The Redistribution of Trust
The standard narrative around zero-knowledge proofs is that they eliminate trust. This incident demonstrates the opposite. ZKPs do not eliminate trust; they shift it. Before zkVMs, we trusted mathematicians and peer reviewers to validate quantum algorithm papers. Now we also trust Rust compiler jump table layouts, serialization library boundary checking, and the assumption that guest program authors understand the difference between safe and unsafe deserialization.

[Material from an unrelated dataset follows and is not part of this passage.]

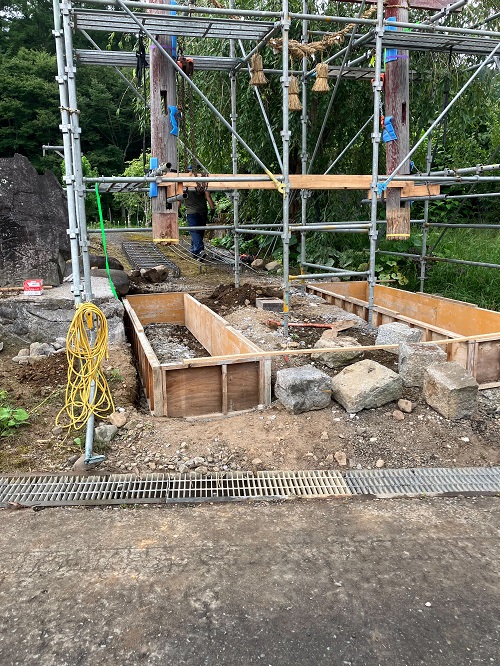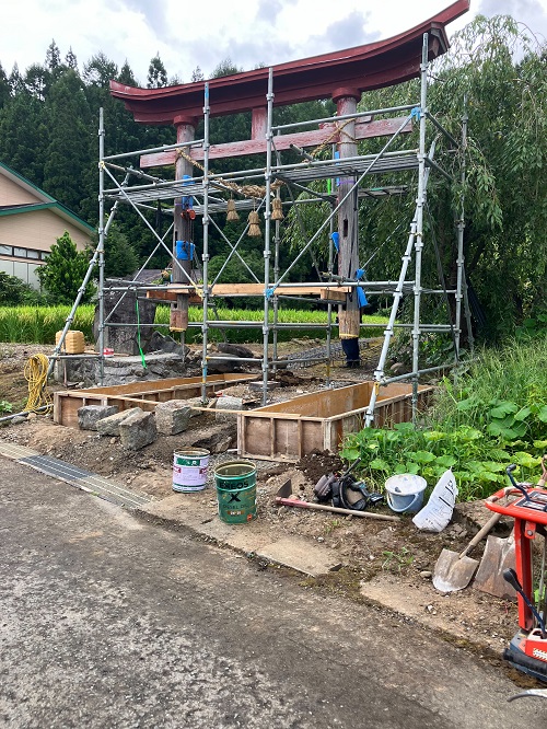 土間断熱大方にて、本日から温水パネルヒータ暖房の配管予定です。これで、田山のような寒い所でも水落とし無しでも大丈夫になりますね。鳥居の補強基礎も打設準備完了です。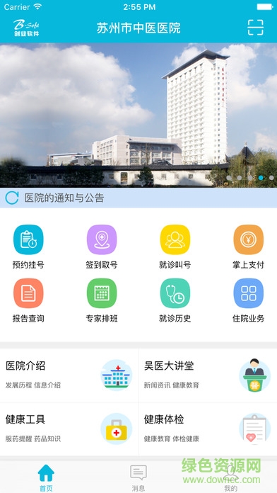苏州市中医医院智慧医院App可以随时随地享受“预约挂号、签到取号、排队叫号、掌上支付、报告查询、专家排班、就诊历史、住院业务”等业务功能。

Google’s scientific claims are unaffected. They patched the proof, and the underlying quantum research stands. But the incident reveals a structural gap in how zkVMs are deployed. The proof system correctly proved that the simulator executed without panicking. The simulator correctly executed the attacker’s circuit. The cryptography worked perfectly. The application security failed catastrophically.
This is the same pattern we saw in the 2010s with smart contract audits: formally verified logic running on top of unaudited Solidity code. The proof guarantees execution fidelity, not semantic correctness. A zkVM that proves “this program ran to completion” does not prove “this program counts Toffoli gates correctly.” Those are implementation properties, and implementation properties require implementation review.
Trail of Bits has published their proof-of-concept at github.com/trailofbits/quantum-zk-proof-poc. The SHA-256 of their circuit is 0x7efe1f62bb14a978322ab9ed41d670fc0fe0f211331032615c910df5a540e999. You can verify it yourself.
If you are building a system that uses zero-knowledge proofs for vulnerability disclosure, electronic voting, age verification, or any other high-stakes application, remember: the zero-knowledge part is probably fine. The virtual machine part needs the same audit attention you would give to any other Rust service parsing untrusted input. Because at the end of the day, a jump table confused about an invalid opcode is just a jump table. It does not care whether it is simulating quantum cryptanalysis or validating a JWT. It will do exactly what the compiler told it to do, and if the compiler was told to skip the checks, it will skip them with mathematical certainty.